I've been sharing these ideas with leaders in Chicago and other cities for more than 20 years and while I've had some support (raising over $6 million from 1994-2011, split between the Cabrini Connections youth program strategy and the T/MC strategy), I've not been able to maintain consistent support on a year-to-year basis, and never had more than $175k to support T/MC activities in the third larges city in the USA. This comparison of the T/MC to other intermediaries was done in 2010. 

The challenges I've faced, are similar to challenges all small non profits face, which you can read about in the articles in this section of the Tutor/Mentor web library.  

I've visualized the strategies of a Tutor/Mentor Connection (which I'm now keeping alive via the Tutor/Mentor Institute, LLC).  This shows how intermediaries like myself are supporting actions by different people and organizations.


This shows a fundamental goal of helping organizations in every high poverty area of the Chicago region get the consistent flow of dollars, talent, ideas, technology, etc. that each needs to be constantly improving their impact on the lives of young people ...and of the volunteers who become personally involved through organized tutoring and/or mentoring programs.



This was the focus of the strategy launched in 1994 and it's still a strategy Chicago and other cities need as we move through 2016.  I hope reporters at the New York Times will spend as much time researching this as they do telling photo stories about the human tragedy that is taking place in Chicago and other cities.

Too much information? Not sure what these graphics are telling you? Why not create a youth research project, where young people spend time looking through my blog articles and visualizations, then create their own interpretations for adults to look at?  The graphic above was done by an Intern from South Korea. It's one of many intern visualizations that you can see at this link.  This wiki page outlines a strategy waiting for partners and sponsors.

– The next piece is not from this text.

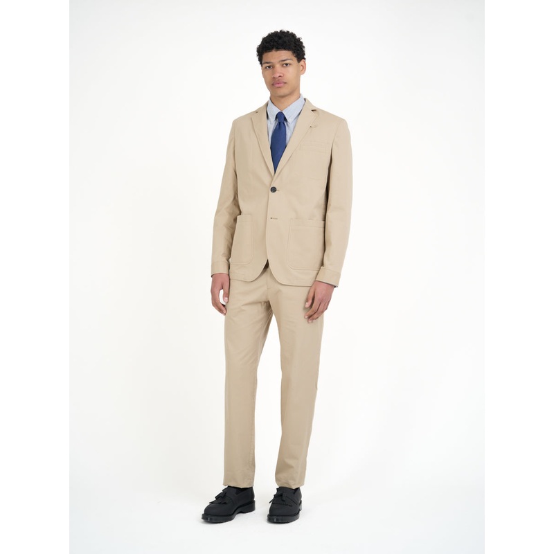 Perfect for summer weddings or smart events, our organic cotton Ashdown beige suit features our unstructured lightweight Theobald jacket with notch lapels and a two-button front, and comes with our tapered fishtail trousers for a sleek look that balances t

This is a complex problem that requires sophisticated, on-going, and long-term solutions. We'll be reading stories like the ones being shared by the New York Times 20 years from now unless a few leaders step forward to support strategies like I've offered since 1994. 

Due to the changing support I've received from 1994-2011 the Tutor/Mentor Connection was discontinued as a strategy of the Cabrini Connections program in mid 2011. I created the Tutor/Mentor Institute, LLC to provide structure while I attempted to re-build a team of civic and business leaders who'd take ownership of the T/MC strategy in Chicago, or help build similar strategies in other cities. 

I've not succeeded in doing this. It is still needed. Contact me if you want to offer your time, talent, and/or dollars to re-launching the Tutor/Mentor Connection strategy. 


2 comments:

  1. I am in the margins, dude. Thanks for the opportunities you open. So many doors if we only stand and walk.

    ReplyDelete

  2. Thanks for the way you've been sharing my work with others, through your own blogs and social media. If more people would take this role, and become "evangelists/sales force" with goal of embedding my strategies in their cities, or their institutions, and, of finding one or more benefactors who'd want to put their "name" on the Tutor/Mentor Connection in their city, or on their college campus, we'd move this forward more than what I've been able to do over the past five years.